**ENTRIES PROVIDED:**
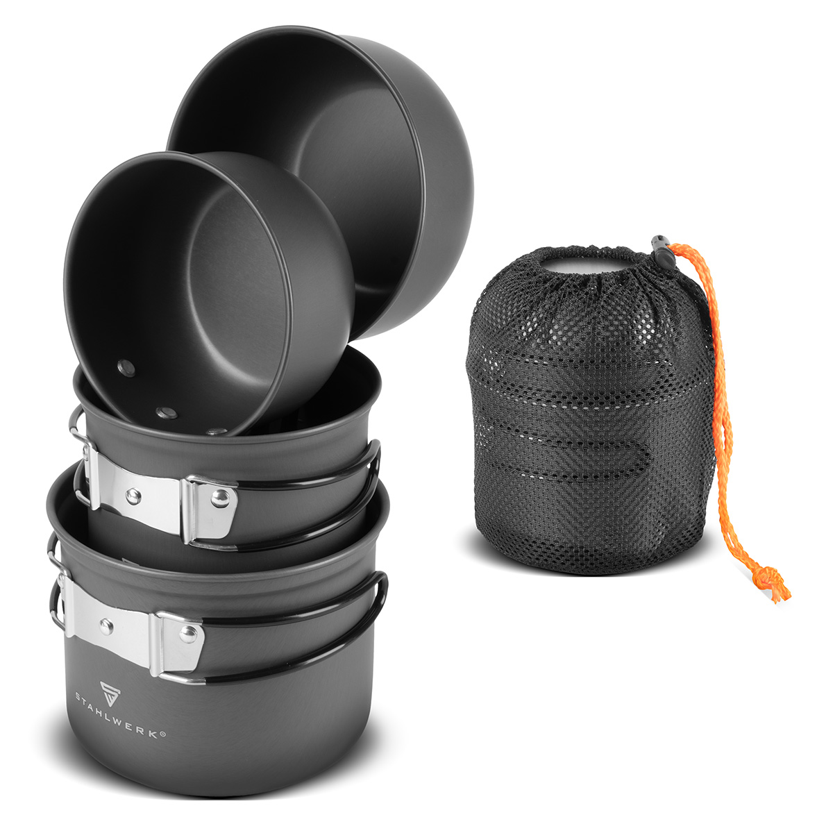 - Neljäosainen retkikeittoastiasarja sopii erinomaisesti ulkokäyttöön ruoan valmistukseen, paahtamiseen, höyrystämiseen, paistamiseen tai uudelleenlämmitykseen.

* * *

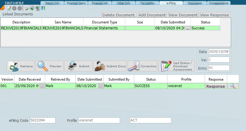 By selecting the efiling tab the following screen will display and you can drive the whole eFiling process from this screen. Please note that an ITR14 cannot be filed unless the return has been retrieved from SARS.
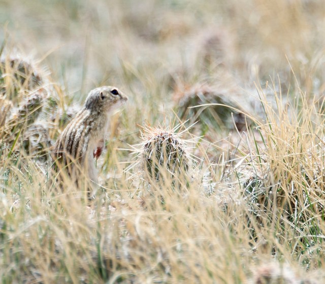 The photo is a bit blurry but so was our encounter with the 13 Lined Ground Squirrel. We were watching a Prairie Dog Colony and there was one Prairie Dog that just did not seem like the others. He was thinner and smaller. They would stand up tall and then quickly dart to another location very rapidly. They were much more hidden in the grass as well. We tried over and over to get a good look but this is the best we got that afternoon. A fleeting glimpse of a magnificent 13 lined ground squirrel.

**PROMPT:** Go back to the listing above and reproduce, exactly, the stretch from the line bearing "By selecting the" through the line bearing "The photo is", without its pictures.

**WRITTEN REPLY:**
 By selecting the efiling tab the following screen will display and you can drive the whole eFiling process from this screen. Please note that an ITR14 cannot be filed unless the return has been retrieved from SARS.
 The photo is a bit blurry but so was our encounter with the 13 Lined Ground Squirrel. We were watching a Prairie Dog Colony and there was one Prairie Dog that just did not seem like the others. He was thinner and smaller. They would stand up tall and then quickly dart to another location very rapidly. They were much more hidden in the grass as well. We tried over and over to get a good look but this is the best we got that afternoon. A fleeting glimpse of a magnificent 13 lined ground squirrel.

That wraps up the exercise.